Menurut Menpar, faktor cuaca yang kurang baik membuat wisatawan nusantara memilih untuk berwisata ke destinasi lain yang ada di Jawa Tengah, Jawa Timur, Jawa Barat dan Yogyakarta.
Dari seluruh daerah yang disebutkan, Widiyanti menyoroti bahwa banyak wisatawan nusantara pergi ke Yogyakarta.
Di sisi lain kunjungan wisatawan mancanegara ke Bali tetap meningkat. Berdasarkan data yang ia paparkan sejauh ini sudah ada 6,8 juta kunjungan. Angka itu sudah cukup mendekati jumlah yang ditargetkan yakni 7 juta kunjungan.
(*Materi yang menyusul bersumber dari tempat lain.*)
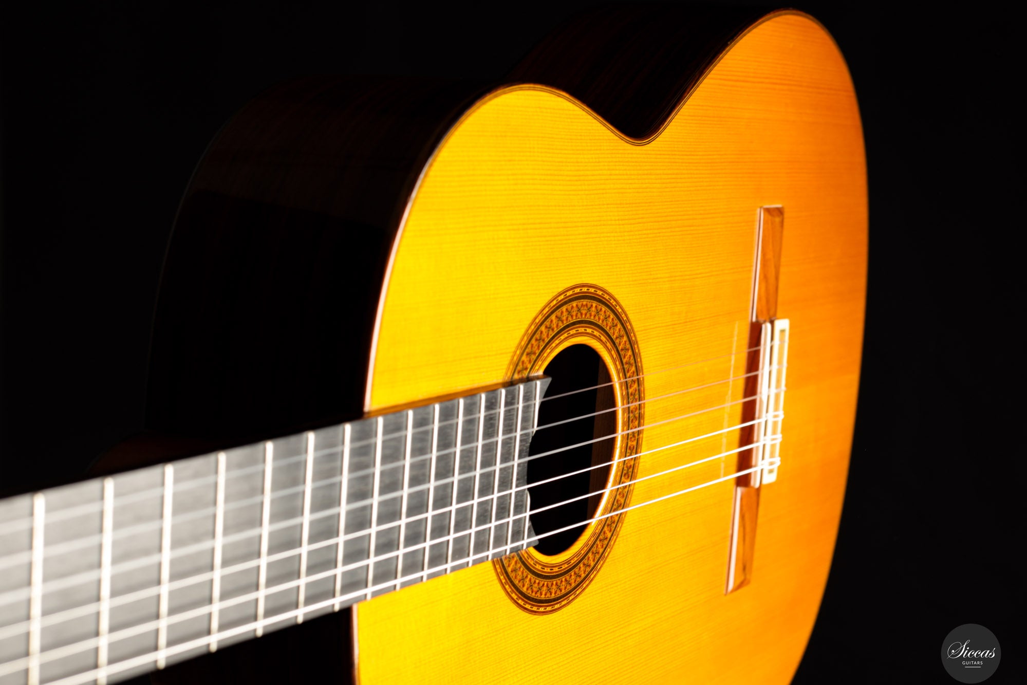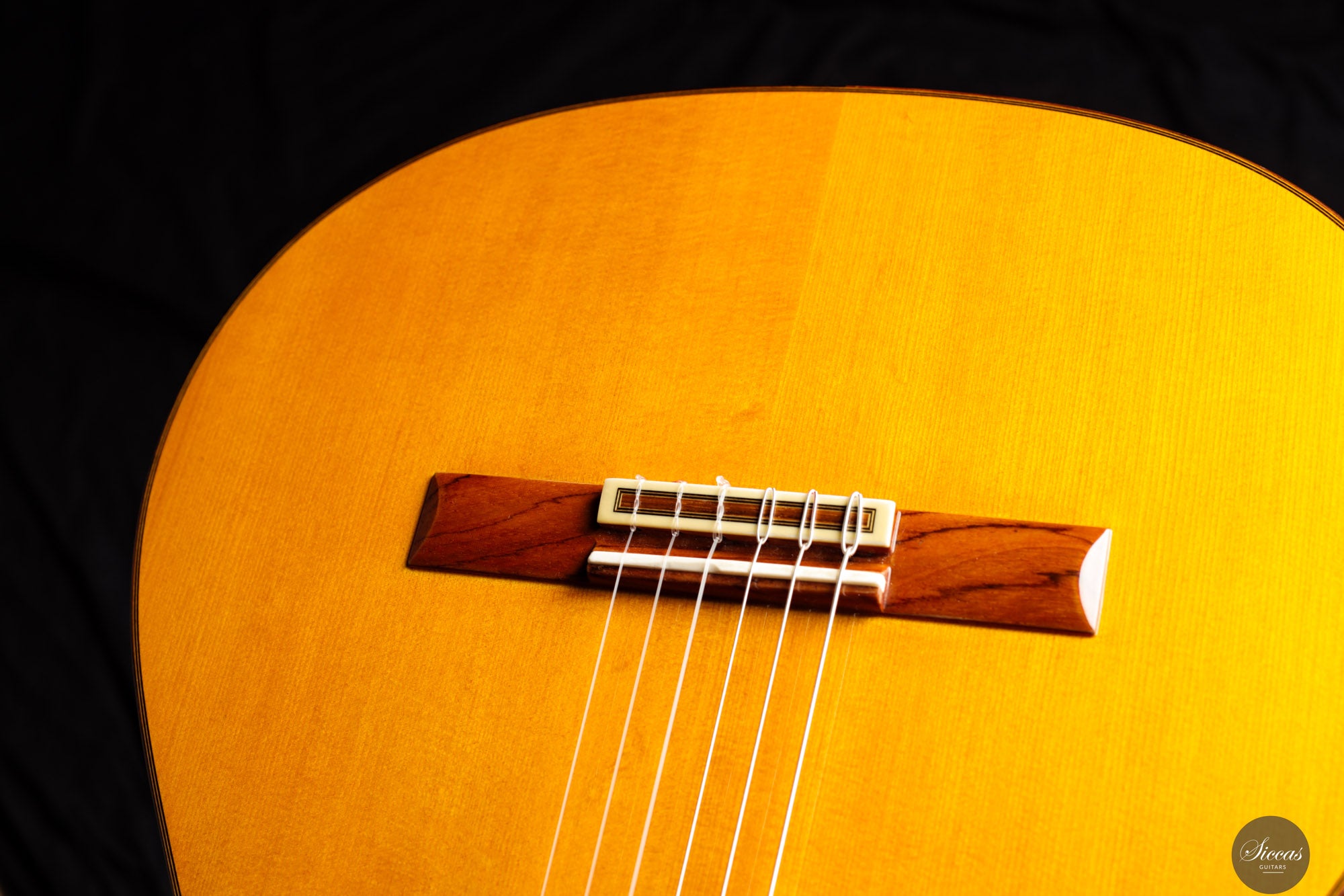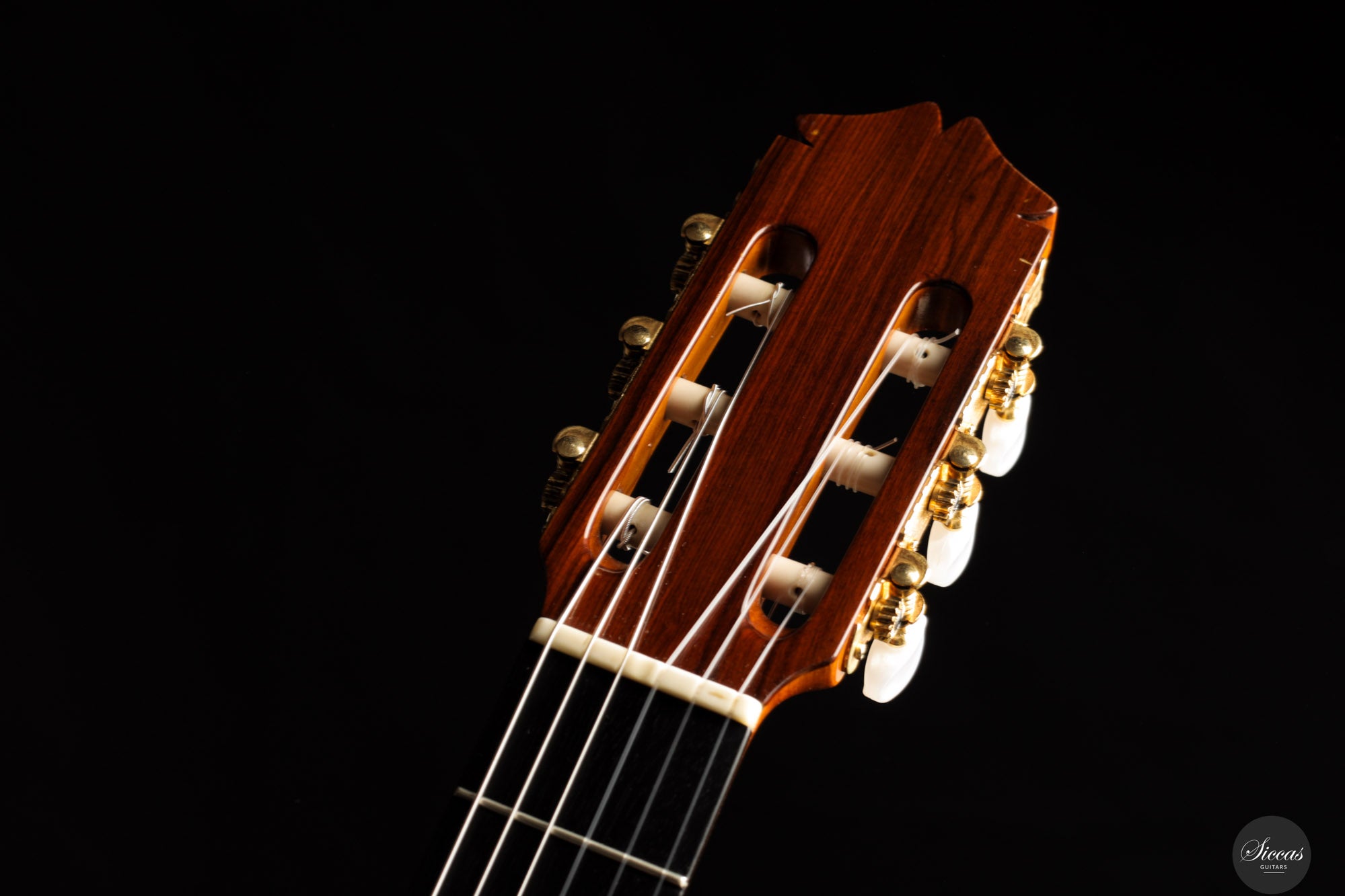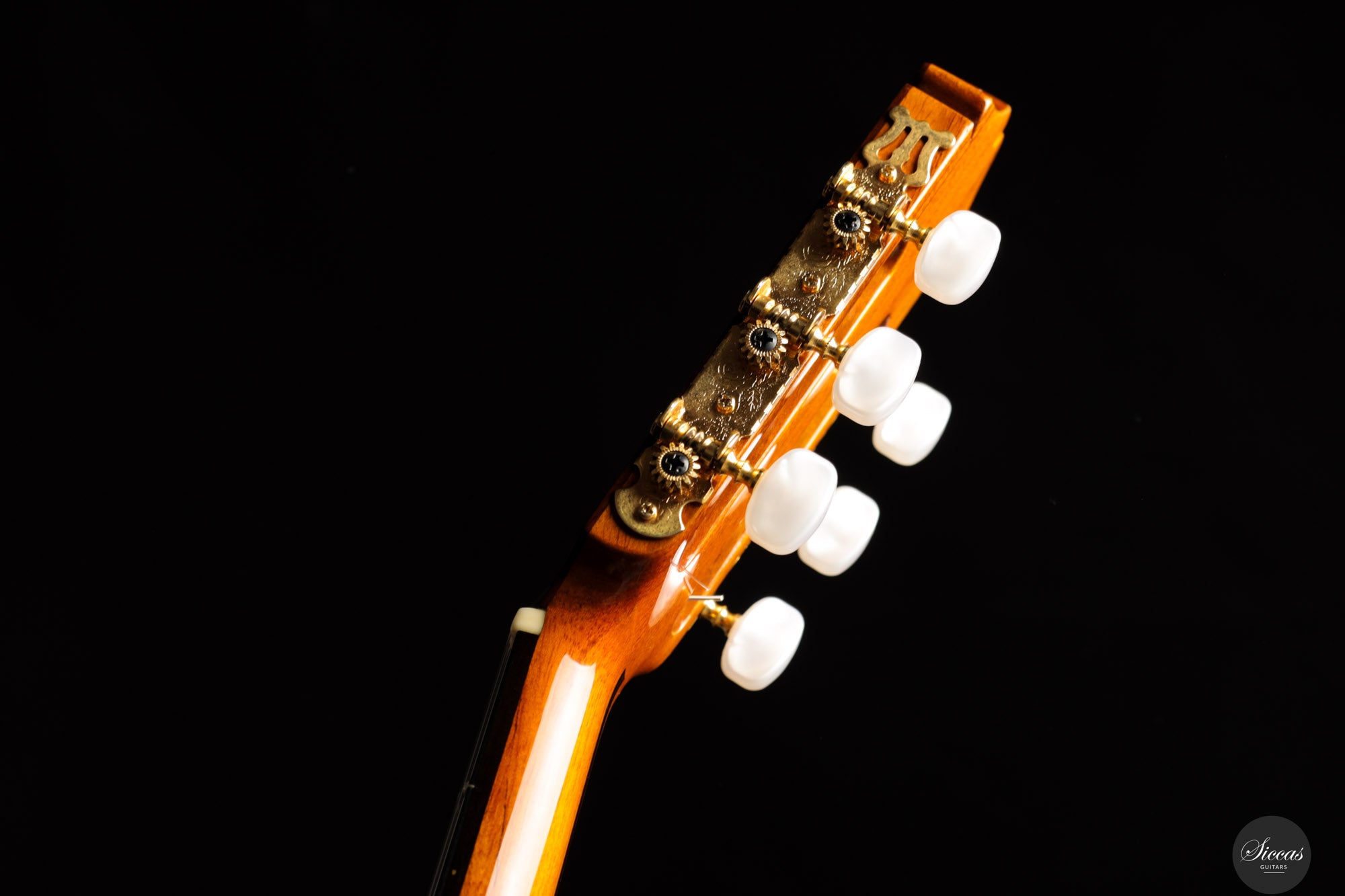This guitar is a truly beautiful instrument that embodies the spirit of Santos Hernández. It features clear and brilliant trebles, exceptional overall balance, and deep, supportive basses. The clarity of the first string is particularly noteworthy, making this guitar especially well-suited for polyphonic repertoire. Furthermore, it has ample volume, ensuring it performs well in any playing situation — from intimate settings to concert halls. A perfect fusion of elegance, tradition, and concert-level performance.
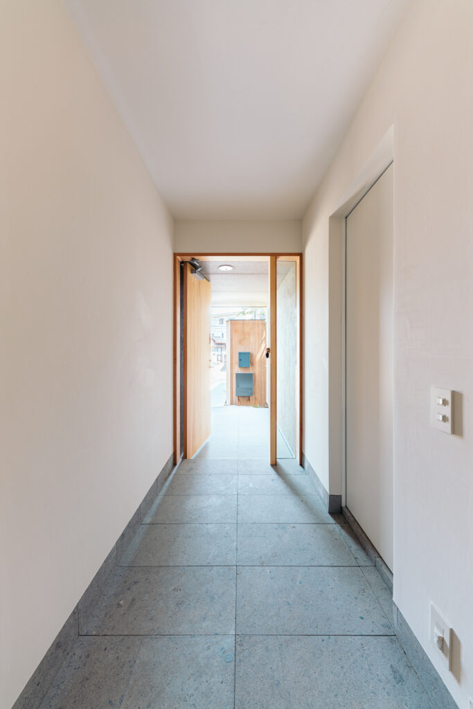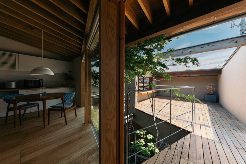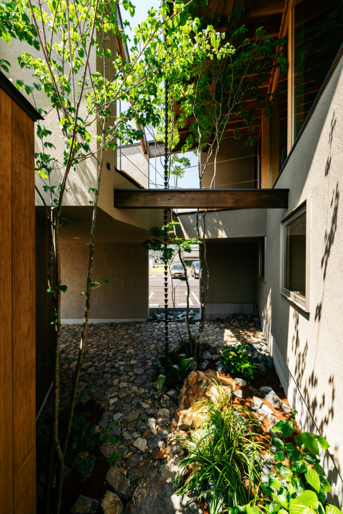 素朴な土色の塗り壁と板塀が、古い家々の残る風景に自然と溶け込んでいます。細いアプローチを抜けた先の玄関は、あえて窓を設けず壁面の質感を主役としました。天窓から落ちるほのかな光が、丸みを帯びた階段の上り口を優しく照らします。ガレージ奥の中庭では、テラス上へ伸びる植栽と2階軒から下がる鎖樋が垂直方向のつながりを生み出し、限られた敷地に立体的な奥行きをもたらしています。
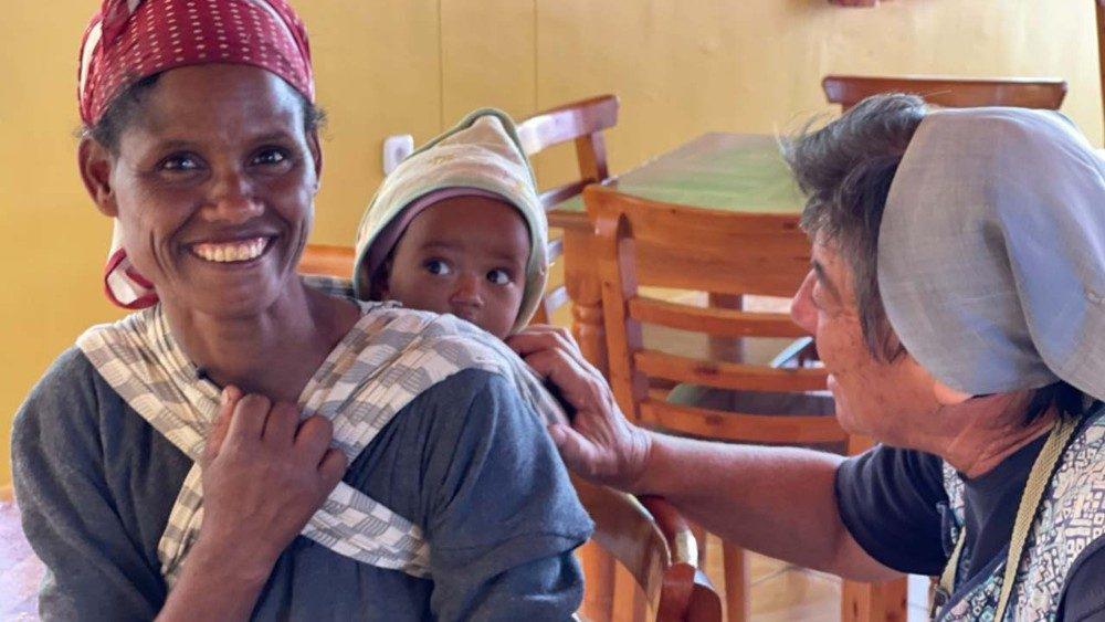 意大利籍母佑会修女阿桑德里(Rosaria Assandri)现年64岁,她已在非洲传教长达33年。在这些年间,她在肯尼亚开启了一家孤儿院,在南苏丹开设了一个新的传教站。现如今,她在离埃塞俄比亚首都亚的斯亚贝巴170公里的古布里服务。
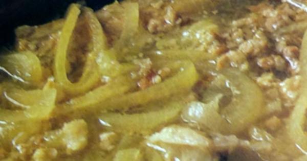 Ingredienti: 1 kg di cipolle bianche, 400 gr di costine di maiale, 200 gr di pane casereccio raffermo, 100 gr olio extravergine di oliva, 50 gr pancetta tesa, 50 gr di salsiccia, 1 costa di sedano, 1 spicchio di aglio, 1 carota, sale.
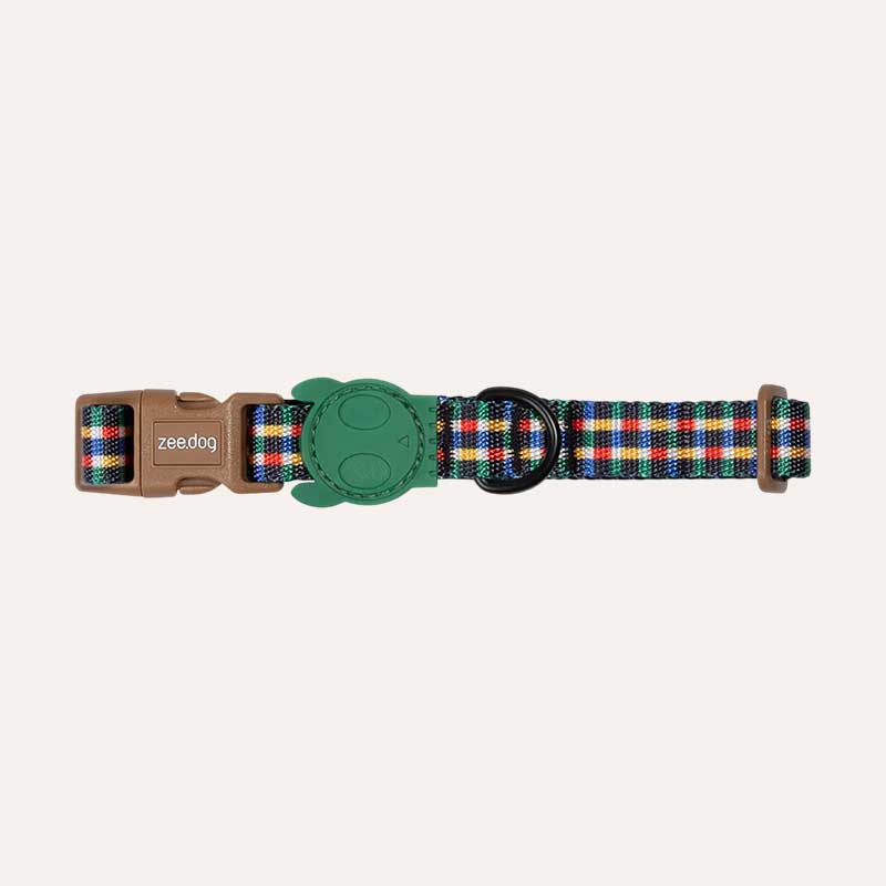 Це нашийник із характером, що не потребує демонстрації. Класичний клітинний візерунок — синій, зелений, червоний, жовтий — ніби відсилання до старих добрих аутдор-тканин, які знають, що таке дорога, вітер і час. Тут традиція не сперечається з сучасністю — вони йдуть поруч.
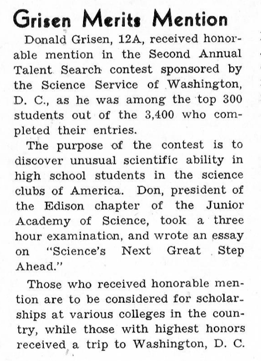 Donald graduated with the Class of June 1943. As can be seen by his yearbook entry, he was an excellent student, and active with numerous organizations and clubs at school. After high school he studied Chemical Engineering at the University of Minnesota.
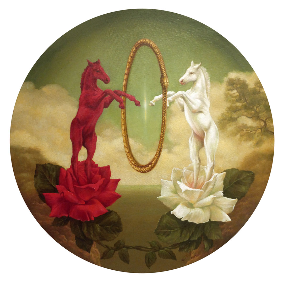 Nigredo Conjunctio Rubedo Two foals in rose-flowers, separated by the snake-ring of eternity Iridescent Stream Fontanel Load More Loading More…
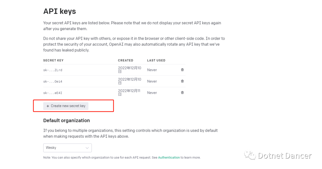 7、创建你的密钥,这个密钥是用来访问Open AI 的API的时候,进行验证使用的。加密方式目测应该是JWT。所以大家感兴趣还可以使用各种不同语言的版本进行访问,此处我比较懒就直接用别人写好的来做。创建好以后,复制密钥备用。

Sebelumnya, kabar serupa juga sudah dibantah oleh Gubernur Bali Wayan Koster. Ia menyampaikan bahwa lengangnya lalu lintas dan sepinya panggilan kerja para sopir pariwisata dipengaruhi oleh cuaca musim hujan yang memengaruhi aktivitas wisatawan di luar ruangan.
“Kan sekarang musim hujan, banjir, mungkin orang datang ke Bali tidak untuk jalan-jalan banyak yang istirahat, jadi ini datanya riil baik dari Angkasa Pura maupun dinas pariwisata,” ujarnya.